The selloff traced to two catalysts hitting simultaneously. Broadcom (AVGO) fell 7.92% to $385.73 after its June 3 earnings showed Q3 AI semiconductor guidance of $16 billion, below the Street's $17.2 billion estimate, while CEO Hock Tan flagged that Alphabet may use multiple chip suppliers. That same session, the Labor Department reported nonfarm payrolls of 172,000 versus 80,000 expected, sending the 2-year Treasury yield to a 16-month high of 4.16%. NVIDIA dropped 6.20% to $205.10, Microsoft slipped 2.66%, and Alphabet held best at minus 0.98%.
The 19.93% single-day loss in TECL is the product of a structural vulnerability that has been building for months. XLK's top four holdings — NVIDIA, Apple, Microsoft, and Broadcom — account for 45.38% of the fund, meaning a single earnings miss in one name can cascade through the entire index when multiplied by three. The VIX closed at 15.40 on June 4, in the 15.6th percentile of the past year, leaving the options market unprepared for the volatility that followed.
The breadth data shows how fragile the setup had become. Only 43% of S&P 500 stocks rose in May, down from 64% in January. Strip out AI-linked names and the index was up 2.4% through May, versus 11% with AI included. Put/call ratios entering the week sat at levels not seen since the 2021 meme-stock frenzy and the late-1990s tech bubble — a configuration that turns a single bad guide into a cascade.

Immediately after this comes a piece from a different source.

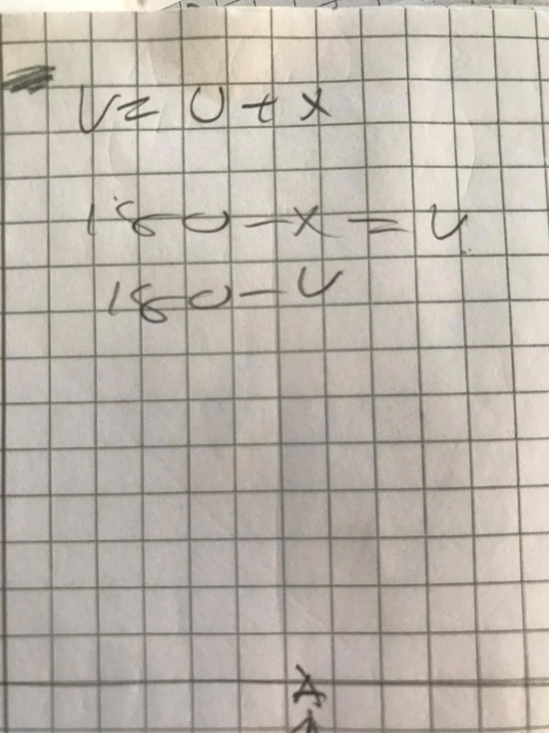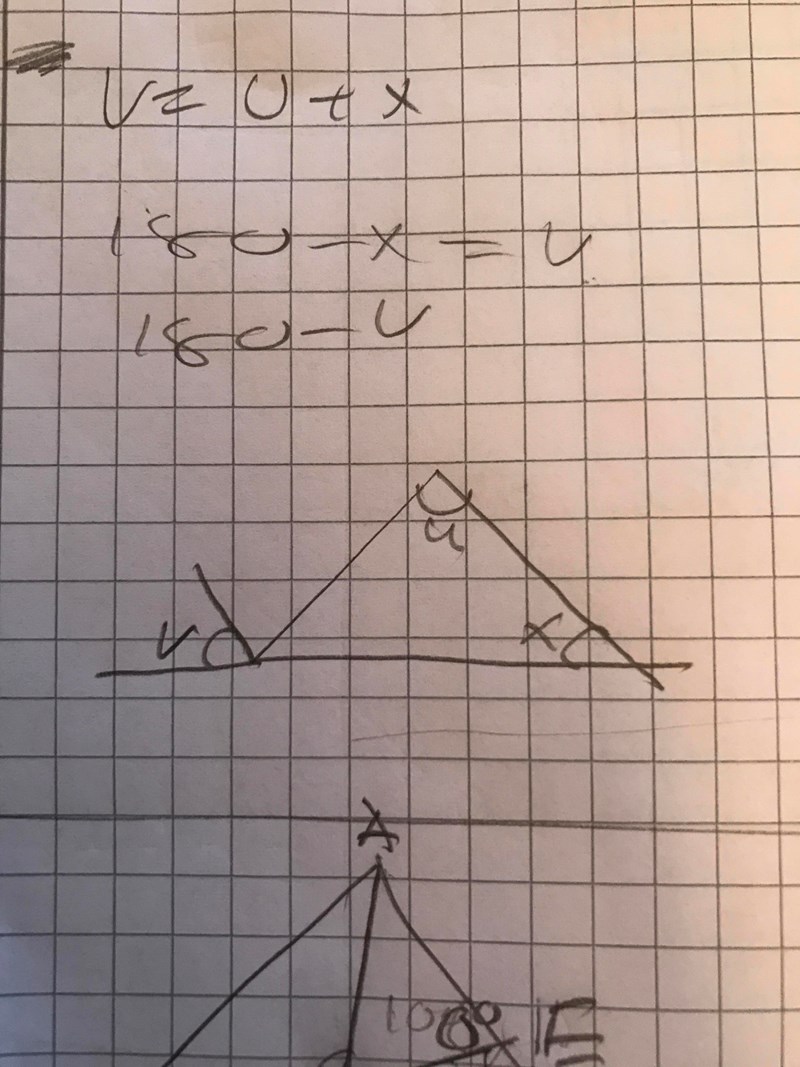 Jag har nu suttit och klurat på denna uppgift. Jag använde mig förstå av yttervinkelsatsen men eftersom det fanns en likbent triangel också så gick inte mitt sätt helt. Jag vet inte hur jag ska lösa denna uppgift eller åtminstånde veta hur jag ska börja. Facit säger 3v-180. Jag fick 180-v men jag vet att det är helt fel. Det är uppgift 7.

TECL is still up 72.62% year-to-date and 182.33% over the past year, with a 10-year return of 5,691% against XLK's 810%. The fund has delivered roughly 2.9 times XLK's gain this year because the tape trended. The risk is what happens if the trend breaks into chop. Three-times daily leverage compounds in the holder's favor on a sustained move but bleeds value in a sideways grind, even if the underlying index ends flat.

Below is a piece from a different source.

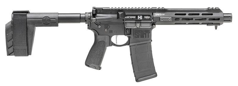 Saint Victor Pistol Features Springfield’s Saint Victor AR Pistol features forged upper and lower 7075-T6 aluminum receiver with Accu-Tite tension system and a receiver end plate with QD swivel mount point. It also has a 7.5″ 416R stainless steel barrel with Melonite treatment and a SA forward blast diverter. The handguard is free-floating with M-Lok and a forward hand stop. The Saint AR Pistol also features a SB Tactical SBX-K forearm brace, a Bravo Company MOD three pistol grip, carbine “H” heavy tungsten buffer, and a 30-round MagPul PMAG Gen 3. Saint Victor Pistol Specifications Brand: Springfield Armory Category: Tactical Pistols Caliber: 5.56 NATO Model: Saint Series: Victor Type: AR Pistol Action: Semi-Automatic Barrel Length Range: 7.00″ to 7.99″ Sights: None, Optic Ready Capacity: 30 1 Grips: Black Polymer Metal Finish: Black Hardcoat Anodized OAL: 26.5″ Receiver Material: 7075 T6 Aluminum Forged Stock Finish: Black Stock Material: Polymer Stock Type: SB Tactical SBX-K Arm Brace Twist: 1:7″ Weight: 5.8 lbs Barrel Description: 416 Stainless Steel Barrel Finish: Black Melonite Barrel Length: 7.5″

What Has to Hold for the Bounce
The next catalyst cycle arrives with hyperscaler earnings from Microsoft, Meta, Alphabet, and Amazon. Microsoft's AI business is already running at a $37 billion annual run rate, and Alphabet just guided capex to $35.67 billion, up 107% year over year. If those numbers hold or rise, Friday becomes a digestion event. If any one of them flinches, the Broadcom story spreads to the rest of the AI trade.
The 2-year yield is the second variable. At 4.16%, it has repriced rate expectations sharply higher after a single payrolls report that the Bureau of Labor Statistics itself marked as preliminary. If the revision softens the data, the duration trade resets and the most expensive parts of XLK get room to breathe. If it does not, the pressure on long-duration growth names persists.
For anyone holding TECL specifically, the structural feature to remember is that 3x daily leverage compounds in the holder's favor on a trend and against the holder in chop. Year-to-date it has delivered roughly 2.9 times XLK's gain, which is close to the advertised ratio, because the tape trended. If June turns into a sideways grinder where XLK swings 2% on alternating days, TECL will bleed even if XLK ends flat. That is the part the chart never shows until it has already happened. The question for next week is whether the four stocks that dominate this index get any room to breathe. Watch the capex talk and the 2-year yield. Everything else is noise getting multiplied by three.
This article is for informational purposes only and does not constitute investment advice.